Each line of the listing is to be copied exactly.

* * *

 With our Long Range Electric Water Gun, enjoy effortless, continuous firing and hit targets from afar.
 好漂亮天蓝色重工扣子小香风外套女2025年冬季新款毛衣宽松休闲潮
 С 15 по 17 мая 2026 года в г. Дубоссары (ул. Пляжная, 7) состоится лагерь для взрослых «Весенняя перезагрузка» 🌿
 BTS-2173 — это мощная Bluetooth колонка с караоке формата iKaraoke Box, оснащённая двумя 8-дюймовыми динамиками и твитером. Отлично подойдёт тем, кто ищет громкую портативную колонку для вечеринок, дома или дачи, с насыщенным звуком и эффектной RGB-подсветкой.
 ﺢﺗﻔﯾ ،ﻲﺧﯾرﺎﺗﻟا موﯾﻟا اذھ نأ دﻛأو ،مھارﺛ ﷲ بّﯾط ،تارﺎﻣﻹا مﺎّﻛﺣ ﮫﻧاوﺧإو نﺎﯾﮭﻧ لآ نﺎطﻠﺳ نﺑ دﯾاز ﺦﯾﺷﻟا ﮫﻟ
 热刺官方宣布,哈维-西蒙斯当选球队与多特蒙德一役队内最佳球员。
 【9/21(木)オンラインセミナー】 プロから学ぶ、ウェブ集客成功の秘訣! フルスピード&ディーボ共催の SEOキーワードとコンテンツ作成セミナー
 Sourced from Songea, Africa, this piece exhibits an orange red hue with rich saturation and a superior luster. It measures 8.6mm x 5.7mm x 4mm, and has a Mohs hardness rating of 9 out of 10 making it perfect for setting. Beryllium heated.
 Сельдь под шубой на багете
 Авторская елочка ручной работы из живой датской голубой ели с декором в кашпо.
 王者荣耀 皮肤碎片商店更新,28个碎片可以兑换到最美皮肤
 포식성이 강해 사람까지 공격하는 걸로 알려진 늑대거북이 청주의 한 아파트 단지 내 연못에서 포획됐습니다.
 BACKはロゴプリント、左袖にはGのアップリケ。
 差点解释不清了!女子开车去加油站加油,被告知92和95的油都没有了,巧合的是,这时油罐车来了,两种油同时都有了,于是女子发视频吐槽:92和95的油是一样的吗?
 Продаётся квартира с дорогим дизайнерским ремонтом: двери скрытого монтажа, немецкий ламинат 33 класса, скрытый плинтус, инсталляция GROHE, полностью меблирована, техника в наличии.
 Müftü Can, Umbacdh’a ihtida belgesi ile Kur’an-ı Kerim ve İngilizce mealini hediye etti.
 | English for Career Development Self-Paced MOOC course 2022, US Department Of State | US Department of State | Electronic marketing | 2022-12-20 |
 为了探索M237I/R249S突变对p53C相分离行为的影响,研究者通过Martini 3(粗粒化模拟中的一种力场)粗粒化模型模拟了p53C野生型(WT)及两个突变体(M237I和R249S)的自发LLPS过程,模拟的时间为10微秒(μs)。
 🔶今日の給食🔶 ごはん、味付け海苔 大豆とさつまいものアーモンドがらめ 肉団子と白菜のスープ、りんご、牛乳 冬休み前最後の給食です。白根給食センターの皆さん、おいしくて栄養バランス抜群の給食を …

* * *

**SOLUTION:**
 With our Long Range Electric Water Gun, enjoy effortless, continuous firing and hit targets from afar.
 好漂亮天蓝色重工扣子小香风外套女2025年冬季新款毛衣宽松休闲潮
 С 15 по 17 мая 2026 года в г. Дубоссары (ул. Пляжная, 7) состоится лагерь для взрослых «Весенняя перезагрузка» 🌿
 BTS-2173 — это мощная Bluetooth колонка с караоке формата iKaraoke Box, оснащённая двумя 8-дюймовыми динамиками и твитером. Отлично подойдёт тем, кто ищет громкую портативную колонку для вечеринок, дома или дачи, с насыщенным звуком и эффектной RGB-подсветкой.
 ﺢﺗﻔﯾ ،ﻲﺧﯾرﺎﺗﻟا موﯾﻟا اذھ نأ دﻛأو ،مھارﺛ ﷲ بّﯾط ،تارﺎﻣﻹا مﺎّﻛﺣ ﮫﻧاوﺧإو نﺎﯾﮭﻧ لآ نﺎطﻠﺳ نﺑ دﯾاز ﺦﯾﺷﻟا ﮫﻟ
 热刺官方宣布,哈维-西蒙斯当选球队与多特蒙德一役队内最佳球员。
 【9/21(木)オンラインセミナー】 プロから学ぶ、ウェブ集客成功の秘訣! フルスピード&ディーボ共催の SEOキーワードとコンテンツ作成セミナー
 Sourced from Songea, Africa, this piece exhibits an orange red hue with rich saturation and a superior luster. It measures 8.6mm x 5.7mm x 4mm, and has a Mohs hardness rating of 9 out of 10 making it perfect for setting. Beryllium heated.
 Сельдь под шубой на багете
 Авторская елочка ручной работы из живой датской голубой ели с декором в кашпо.
 王者荣耀 皮肤碎片商店更新,28个碎片可以兑换到最美皮肤
 포식성이 강해 사람까지 공격하는 걸로 알려진 늑대거북이 청주의 한 아파트 단지 내 연못에서 포획됐습니다.
 BACKはロゴプリント、左袖にはGのアップリケ。
 差点解释不清了!女子开车去加油站加油,被告知92和95的油都没有了,巧合的是,这时油罐车来了,两种油同时都有了,于是女子发视频吐槽:92和95的油是一样的吗?
 Продаётся квартира с дорогим дизайнерским ремонтом: двери скрытого монтажа, немецкий ламинат 33 класса, скрытый плинтус, инсталляция GROHE, полностью меблирована, техника в наличии.
 Müftü Can, Umbacdh’a ihtida belgesi ile Kur’an-ı Kerim ve İngilizce mealini hediye etti.
 | English for Career Development Self-Paced MOOC course 2022, US Department Of State | US Department of State | Electronic marketing | 2022-12-20 |
 为了探索M237I/R249S突变对p53C相分离行为的影响,研究者通过Martini 3(粗粒化模拟中的一种力场)粗粒化模型模拟了p53C野生型(WT)及两个突变体(M237I和R249S)的自发LLPS过程,模拟的时间为10微秒(μs)。
 🔶今日の給食🔶 ごはん、味付け海苔 大豆とさつまいものアーモンドがらめ 肉団子と白菜のスープ、りんご、牛乳 冬休み前最後の給食です。白根給食センターの皆さん、おいしくて栄養バランス抜群の給食を …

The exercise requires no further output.